Several commensal bacterial species have demonstrated potent immunomodulatory effects that translate into superior antitumor activity in melanoma. A. muciniphila has shown robust tumor control in vivo in mice monocultured with this strain and in vitro, where it activates the IFN-I–NK–DC axis in the TME, resulting in a markedly stronger antitumor response compared to other microorganisms, such as L. reuteri (78). In addition, A. muciniphila promotes the infiltration of CD4+ CCR9+ CXCR3+ T cells into the tumor site, thereby supporting a strong Th1-skewed immune response—an essential component for effective tumor control (76). Similarly, F. prausnitzii has been associated with a favorable immune profile in patients receiving ICIs, characterized by an increase in CD4+ T cells and a reduction in Tregs, suggesting enhanced immune activation. Collectively, these data highlight the therapeutic potential of modulating the microbiome to improve immune responses and enhance the clinical efficacy of ICIs in melanoma.

Impact of the microbiome on treatment response in melanoma

The gut microbiome has emerged as a critical modulator of therapeutic efficacy and toxicity in melanoma treatment. Its influence spans chemotherapy, immunotherapy, and radiotherapy through mechanisms such as bacterial translocation, immune modulation, metabolism, and enzymatic degradation (79). Gut microbiota composition may also influence the risk of immune-related adverse events (irAEs) during ICI therapy.
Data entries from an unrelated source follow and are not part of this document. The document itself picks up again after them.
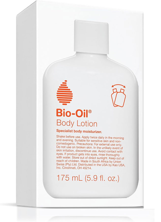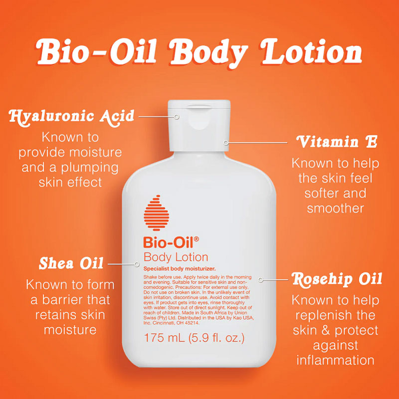 لوسیون بدن بایو اویل Bio Oil Body Lotion دارای فرمول آبرسان قوی برای رفع علائم خشکی و پوسته پوسته شدن پوست، مقابله با عوامل محیطی و تغییرات آب و هوایی و افزایش 4 برابری سطح رطوبت پوست در طی 4 هفته استفاده می باشد. لوسیون بایو اویل دارای بافت سبک دوفاز است که یک فاز آن حاوی 43 درصد روغن های ترمیم کننده و مغذی و فاز دیگر حاوی امولسیون رطوبت رسان 5 درصد اوره است. این لوسیون به منظور تکمیل روغنهای طبیعی پوست برای حفظ رطوبت و کاهش سرعت از بین رفتن آب به طور طبیعی از طریق سطح پوست فرموله شده است و ترکیب آن شامل روغن رزهیپ (دانه گل رز) برای پر کردن مجدد فربگی پوست و محافظت در برابر التهاب، قرمزی و گرگرفتگی است. دیگر مواد موثر کلیدی شامل هیالورونیک اسید برای آبرسانی قوی، روغن شی برای ایجاد لایه حفظ کننده رطوبت و ویتامین ای برای محافظت آنتی اکسیدانی و مقابله با رادیکال های آزاد می باشد.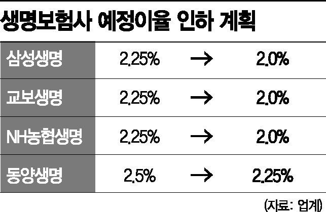 중소 생보사도 인하 행렬에 동참한다. NH농협생명은 다음달 보장성보험의 예정이율을 2.25%에서 2.0%로 조정한다. 종신보험은 지난해 인하돼 이미 2.0%를 적용하고 있다. 동양생명도 1월에 비갱신형 보장성 상품에 대해 2.25%로 내렸고, 다음달 갱신형 보장성 상품과 종신보험도 똑같이 하향한다.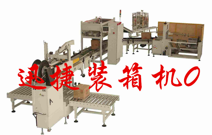 装箱机原理用于完成运输包装,将包装成品按一定排列方式和定量装入箱中,并把箱的开口部分闭合或封固。迅捷包装机械是一家生产包装机、装箱机、开箱机、收缩机、灌装机、打码机等包装机器的厂家。迅捷装箱机有自己的专利技术,其生产的装箱机有其特的技术特点。
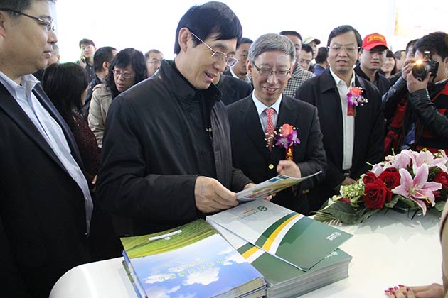 ? ? 展會開幕式結束后,中華全國供銷合作總社理事會副主任、中國農資流通協會會長、中國供銷集團董事長顧國新,中農集團董事長、黨委書記楊建平在中農控股副總經理朱聯的陪同下參觀了中農控股展位。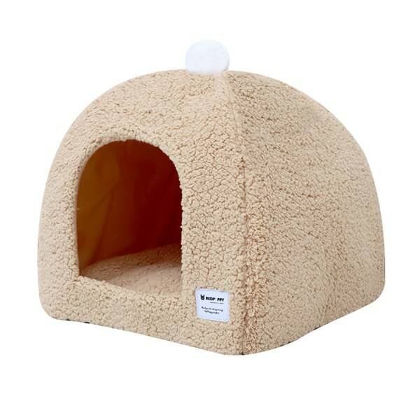 따뜻한 소재로 되어 있고, 하우스형으로 주변도 막혀 있어 겨울에 사용하기 좋은 하우스형 강아지 방석이에요. 사이즈가 작은 편이라 중소형견용으로 추천해요. 지붕 부분이 탄탄하지는 않은 편이라, 밟고 올라가면 찌그러질 수 있다는 단점이 있습니다.

For instance, high Streptococcus abundance has been linked to increased irAE incidence and shorter progression-free survival in melanoma patients treated with anti–PD-1, while baseline enrichment of Bacillota has been associated with immune-mediated colitis during ipilimumab therapy (13).

Chemotherapy and the gut microbiome in melanoma

Studies have shown that chemotherapeutic agents like cyclophosphamide and doxorubicin can alter gut permeability, allowing translocation of commensal bacteria to secondary lymphoid organs. In murine models, this enhances helper T cell (pTh17) responses and improves chemotherapy efficacy (80). However, this beneficial immune activation comes at a cost. Disruption of the mucosal barrier can lead to inflammation and epithelial cell loss, contributing to gastrointestinal toxicity. Moreover, the use of broad-spectrum antibiotics can induce resistance to cyclophosphamide, likely by depleting beneficial microbes required for optimal therapeutic response (79). Clinical evidence further supports this link. In patients treated for non-Hodgkin lymphoma, longitudinal analysis of fecal samples revealed significant reductions in microbial diversity following chemotherapy. Although these findings have not been fully explored in melanoma, they suggest that microbiota alterations may similarly impact treatment outcomes (81).

Immunotherapy response and microbiota influence

Immunotherapy has revolutionized melanoma treatment, particularly through ICIs targeting PD-1 and CTLA-4. However, many patients experience either primary or acquired resistance. Meta-analyses of melanoma cohorts receiving anti–PD-1 therapy have found that responders often exhibit enrichment of Lachnospiraceae and Actinomycetota (including Bifidobacterium), while non-responders display higher levels of Prevotella spp. Moreover, beneficial species such as Coprobacillus cateniformis and Erysipelatoclostridium ramosum can enhance anti–PD-L1 responses in murine models by downregulating inhibitory pathways involving PD-L2 and RGMb (13).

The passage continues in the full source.